- Moorina
- Coordinates: 41°08′00″S 147°52′16″E﻿ / ﻿41.1332°S 147.8711°E
- Country: Australia
- State: Tasmania
- Region: North-east
- LGA: Dorset;
- Location: 46 km (29 mi) E of Scottsdale;

Government
- • State electorate: Bass;
- • Federal division: Bass;

Population
- • Total: 11 (2016 census)
- Postcode: 7264
Localities around Moorina
| Winnaleah | Herrick | Pioneer |
| Derby, Winnaleah | Moorina | Pioneer |
| Derby | Weldborough | Weldborough |

= Moorina, Tasmania =

Moorina is a rural locality in the local government area (LGA) of Dorset in the North-east LGA region of Tasmania. The locality is about 46 km east of the town of Scottsdale. The 2016 census recorded a population of 11 for the state suburb of Moorina.

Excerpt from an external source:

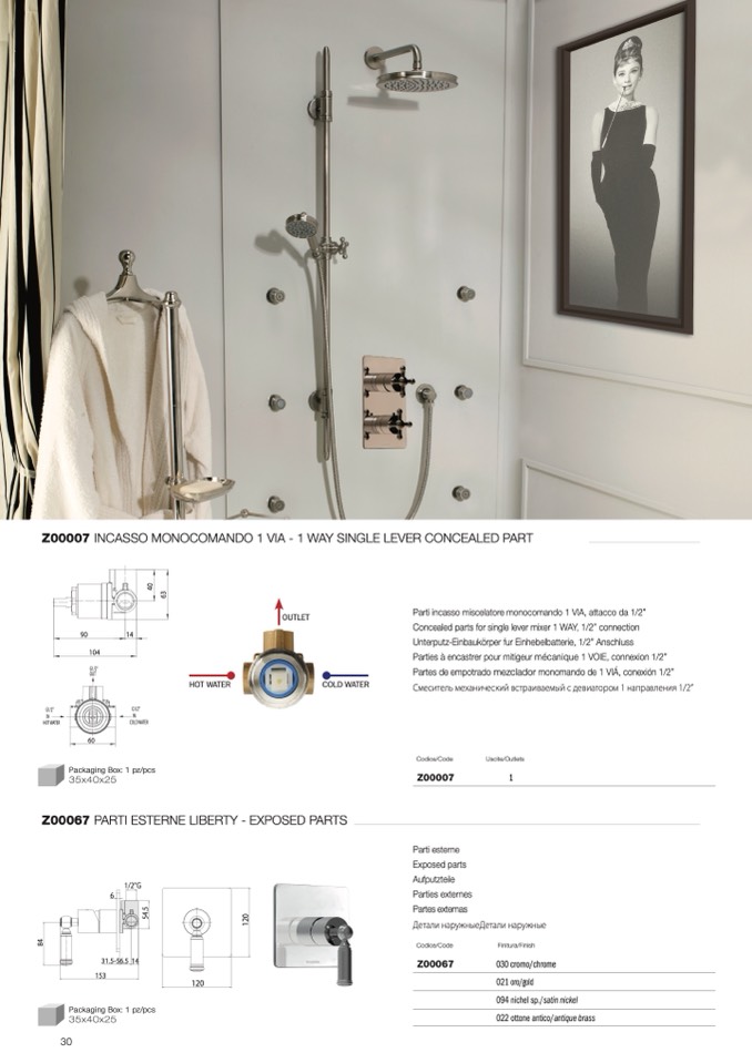 Z00007 INCASSO MONOCOMANDO 1 VIA - 1 WAY SINGLE LEVER CONCEALED PART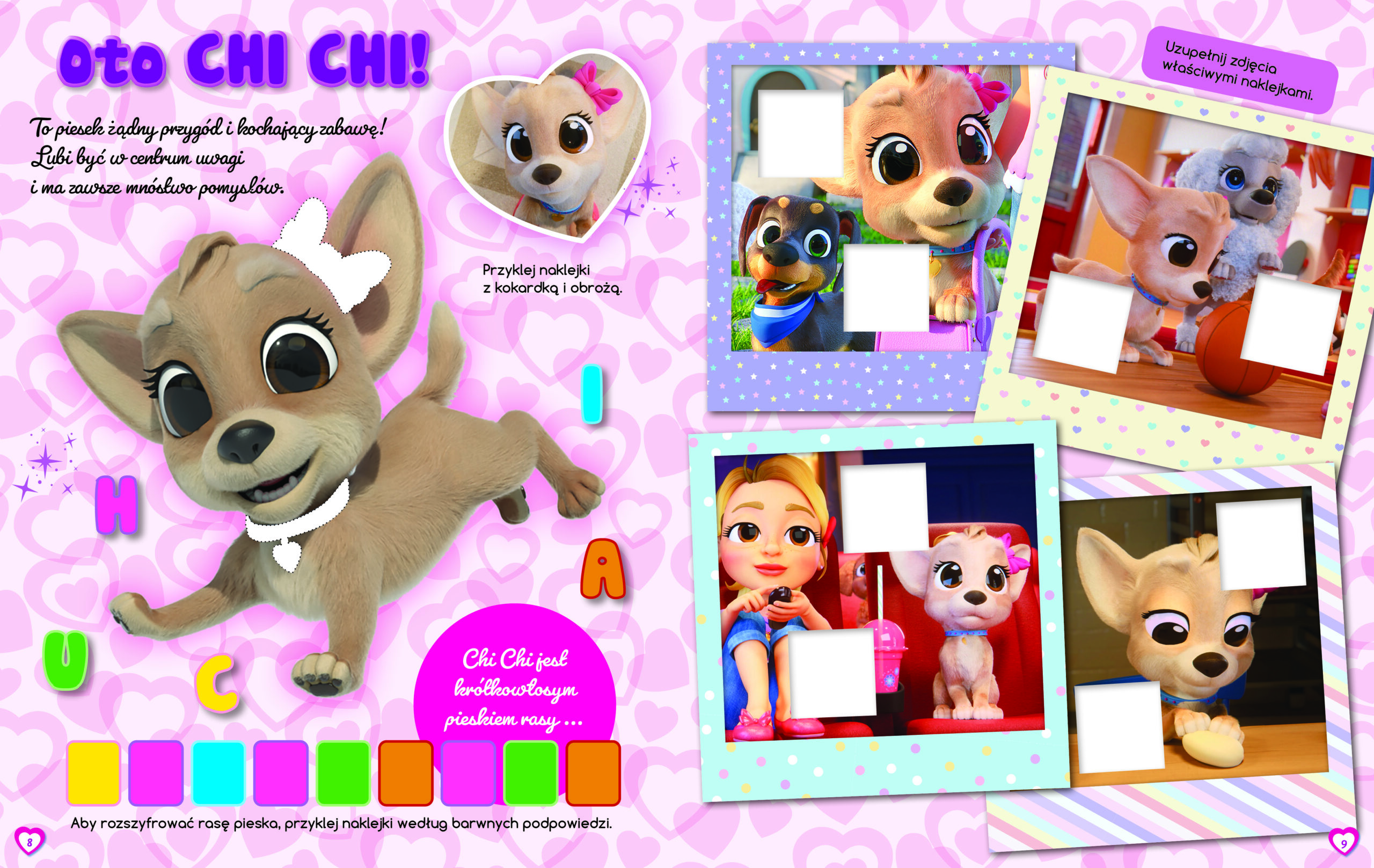 Zbiór zadań, łamigłówek, kolorowanek oraz wiele arkuszy kolorowych naklejek został zebrany w wyjątkową książkę w miękkiej oprawie. Wzbogacona naklejkami z bohaterami do wykonywania zadań oraz użytku najmłodszych.

Mineral Resources Tasmania have designated a 2 km^{2} area of Moorina, to the east of the Tasman Highway, as the Weld River Fossicking Area. The collecting area is known for its sapphire, topaz and zircon specimens.

==History==
Moorina was gazetted as a locality in 1869. Originally known as "Krushka’s Bridge", the current name was in use by 1877. Moorina was the sister of Truganini.

The Krushka brothers built the first bridge over the Ringarooma River. The area was originally settled as a mining town.

Moorina was the centre of the tin mining industry in the north east. By 1878 Chinese miners were present in all the major tin producing centres in the region: Weldborough, Branxholm, Gladston Pioneer and Moorina: The only exception was Derby richest mine of the region.

==Geography==
The Ringarooma River forms part of the north-western boundary before flowing through to form part of the northern. The Weld River flows through from south to north, where it joins the Ringarooma River. The Frome River flows through, via the Frome Dam, to join the Weld.

==Road infrastructure==
Route A3 (Tasman Highway) passes through from north-west to south-west.